We’re letting perfect be the enemy of the good.

First, Americans worked too much. Then, we began craving work-life balance. Now, one expert says, we’re trying to hard to have it all, we’re nearly as stressed as we were to begin with.

Jeff Karp is a professor in the field of biomedical engineering at Harvard and MIT — he’s written a book called LIT, which is an acronym for Life Ignition Tools.

He’s calling for a whole new approach to walking the fine line between being too committed to career — and not being focused enough.

“It ends up being very frustrating and can lead to anxiety, because we’re constantly feeling like we’re not in balance. There’s a state we should be in [and] we’re never in that state,” Karp told CNBC Make It.

Instead, he advocates for something he calls the “pendulum lifestyle,” something he began to think about after noticing how difficult it could be to find balance in his own life.

“I realized that if we start to look at everything in life, like our energy levels, our motivation, our hunger, our sleep…like everything is on a pendulum, and you start to step back and visualize that, I think it can be incredibly empowering,” he told the outlet.

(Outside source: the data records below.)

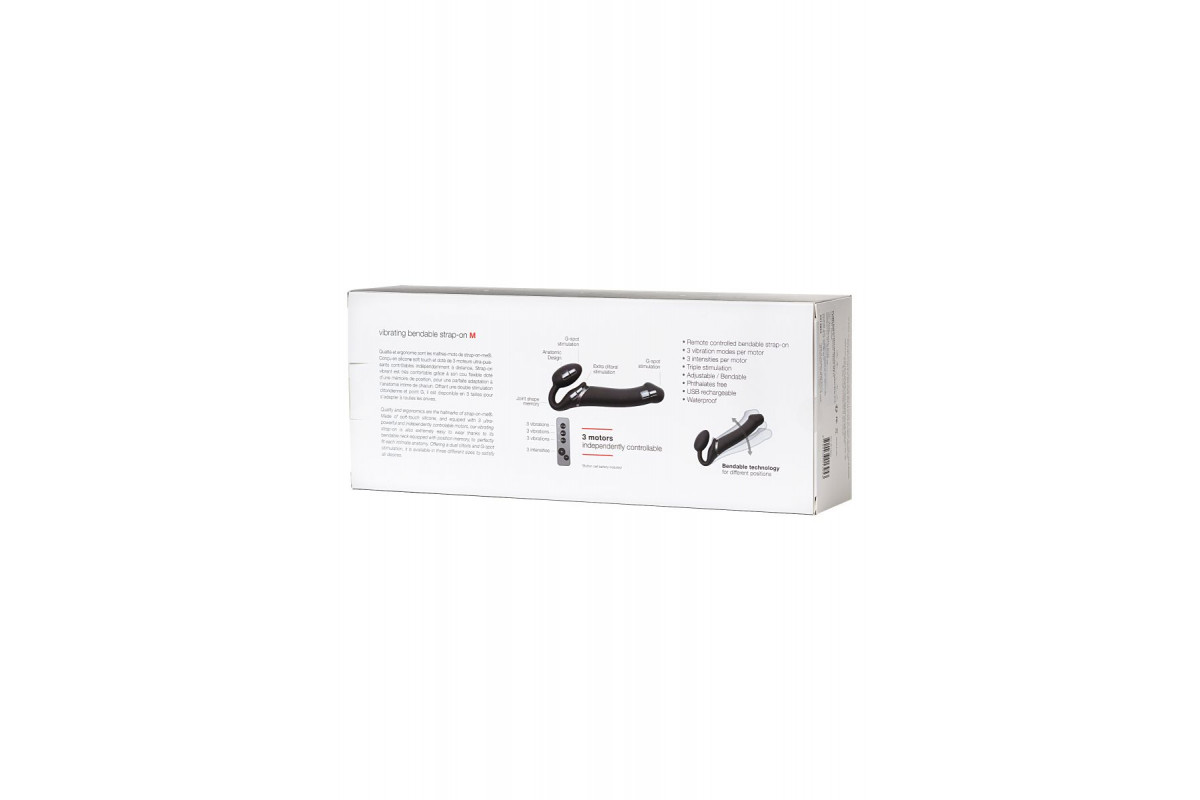 Регулируемая технология. Три независимых мотора с уровнем шума до 50–60 дБ. Емкий аккумулятор на 45 минут непрерывного использования. Пульт ДУ с радиусом работы до 10 метров. 3-слойный материал: гибкий внутренний стержень, жесткий силиконовый слой и дополнительный верхний слой из гипоаллергенного, бархатистого на ощупь силикона Soft-touch. Ручное литье без швов и класс водонепроницаемости IPX7. Мешочек для хранения в комплекте. Strap-on-me — новый уровень вашей близости. Рабочая длина - 15,6 см.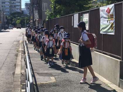 梅雨の合間、快晴です。子どもたちは今日も集団登校班で元気に登校してきました。
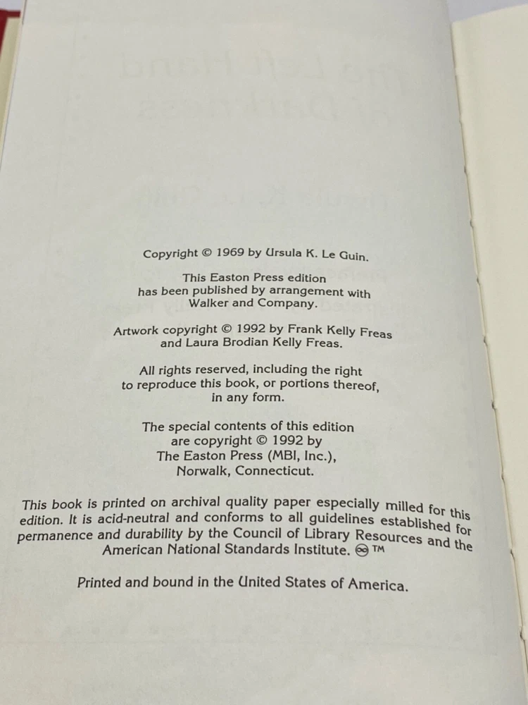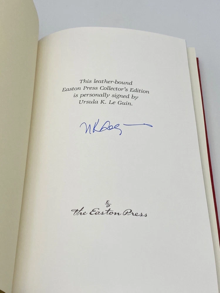 MAKES THE PERFECT GIFT FOR ANY FAN OF SCIENCE FICTION ** PLEASE READ : Mahalo for taking the time to look at our listing. We truly appreciate it. We always do our BEST to give you the most accurate description of these beautiful books. If, however, you have any SPECIFIC questions about the SIZE of the book, NUMBER of pages, TYPE of leather, SMELL or FEEL of the book, PLEASE email us through EBay’s mail system BEFORE you bid, and we will be HAPPY to give you more information. We want you to be completely happy with your purchase and keep you as our customers for years to come!** DESCRIPTION: Easton Press full-leather binding, part of the LONG OUT OF PRINT MASTERPIECES OF SCIENCE FICTION. THIS IS A VINTAGE HEIRLOOM EASTON SIGNED BY THE LATE URSULA K. LEGUIN AND IS ONE OF THE MOST SOUGHT AFTER SCIENCE FICTION EDITIONS DONE BY EASTON PRESS. 🍍 NOT INCLUDED... 😊 ABOUT THE BOOK: A groundbreaking work of science fiction, The Left Hand of Darkness tells the story of a lone human emissary to Winter, an alien world whose inhabitants can choose - and change - their gender. His goal is to facilitate Winter's inclusion in a growing intergalactic civilization. But to do so he must bridge the gulf between his own views and those of the completely dissimilar culture that he encounters. Embracing the aspects of psychology, society, and human emotion on an alien world, The Left Hand of Darkness stands as a landmark achievement in the annals of intellectual science fiction. CONDITION: Book is in LIKE NEW condition for its age with only a couple of minor rubs to the gilt page ends and the original blank bookplate attached, ready for your personalization (SEE PICS FOR FURTHER DETAILS). NO WRITING FROM PREVIOUS OWNER, ETC. It is a BEAUTIFUL EDITION. SHIPPING: FREE TO US ADDRESSES ONLY. INTERNATIONAL $ based on location. WE SHIP PRIORITY MAIL & PACK VERY WELL. Please check out our other listings of Easton Press, Franklin Library, Limited Editions Club, First Edition Library, Folio Society, International Collectors Library, and Heritage Press editions. WE DO COMBINE SHIPPING IF YOU PURCHASE MORE THAN ONE COPY. Mahalo for looking at our listings! By bidding/purchasing this item, you are helping a very grateful family who sends you our WARMEST ALOHA & MAHALO!

Embrace the ebb and flow, Karp encourages.

“Like the pendulum, [there are] these natural rhythms in life,” he points out.

The expert recommends a number of practical ways to practice the pendulum lifestyle — starting with finding more patience with yourself and the process, and being less goal oriented, taking one step at a time.

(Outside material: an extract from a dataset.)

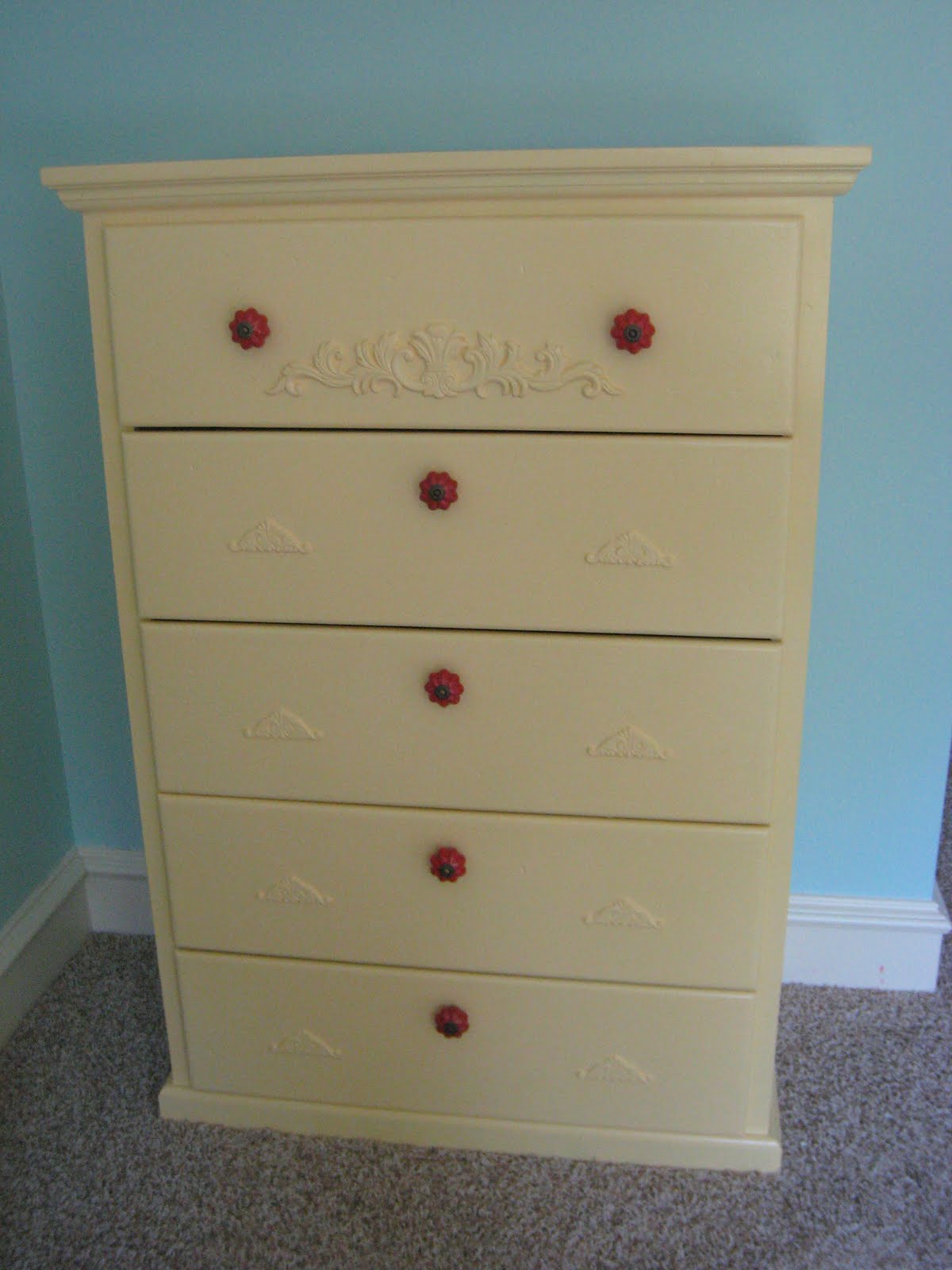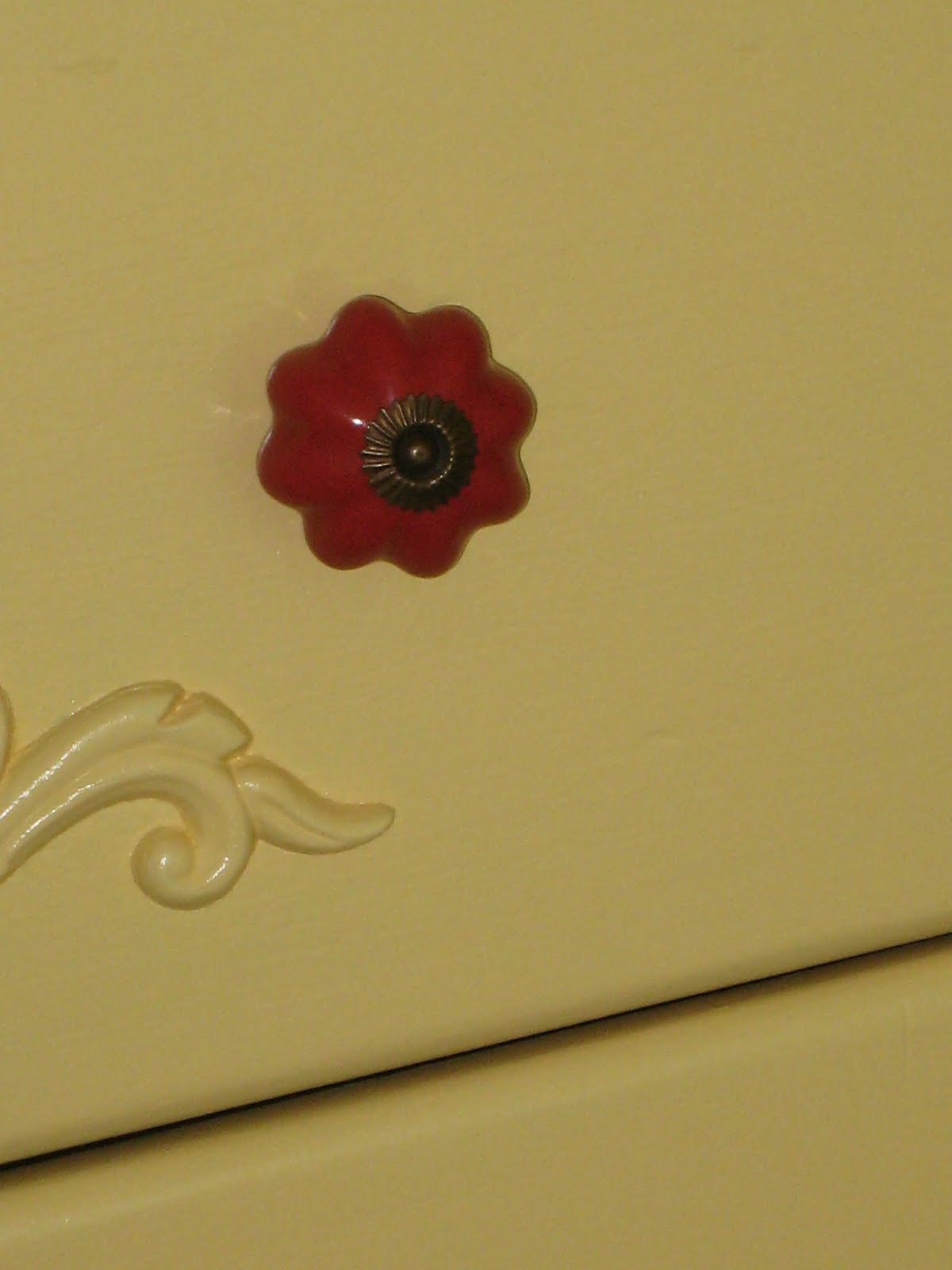 I would normally sand and glaze almost anything I paint but I really loved the clean and bright look of these just like they were. I found some great red knobs at Hobby Lobby for $2 a piece… Woohoo! I think they tie each piece together so well and I love the outcome! Wait until you see it with the bedding!!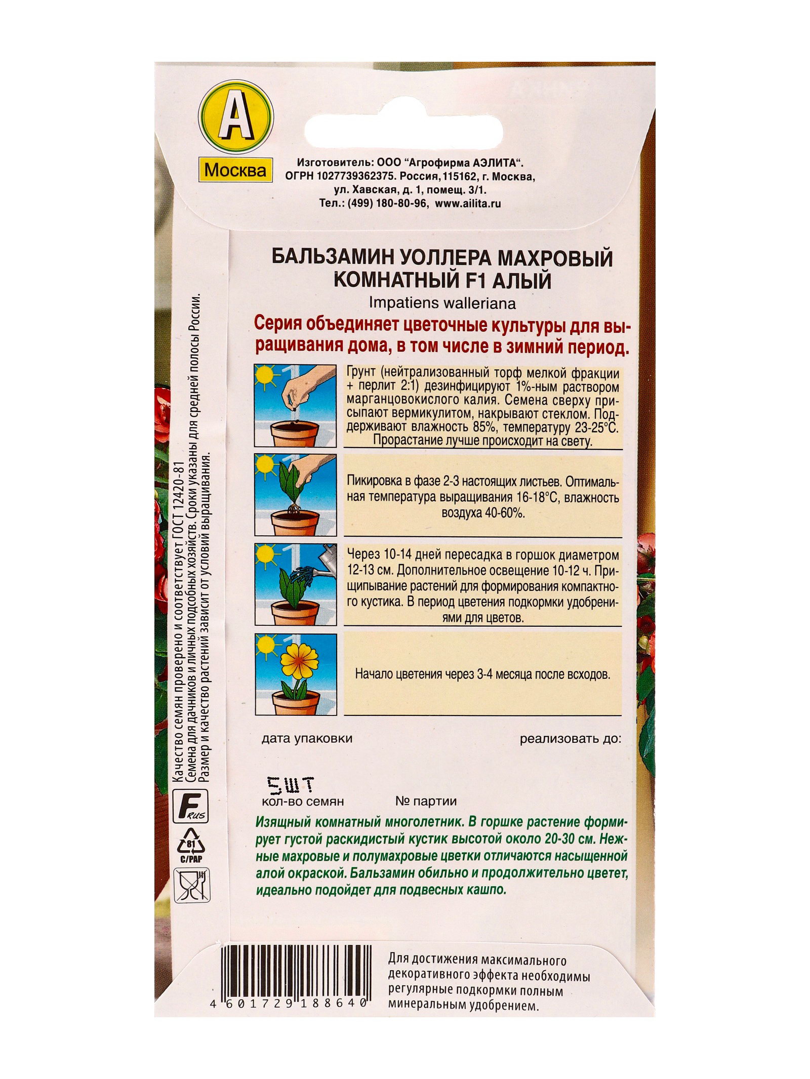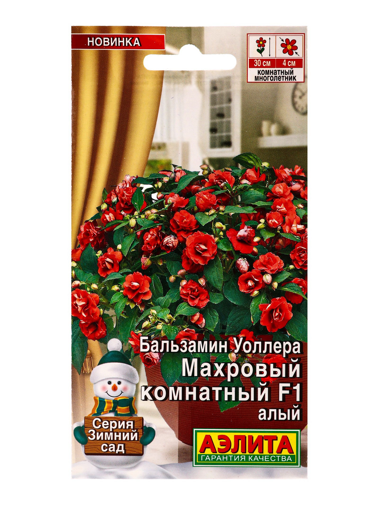 Семена цветов Бальзамин Махровый комнатный F1 алый Зимний сад, Ц/П,5 шт., Агрофирма АЭЛИТА, Россия

The advice comes as younger employees are becoming notoriously fixated on the concept of working to live versus living to work, setting them apart from the older generations.

Gen Z employees, for example, see sick days as a necessary way to recover from stress or burnout, Dr. Kyle Elliott, a California-based career coach, previously told Fox News.

And a whopping 62% of Gen Z respondents to a Dayforce survey said they’d accept a lower salary in exchange for — you guessed it — better work-life balance, the outlet reported.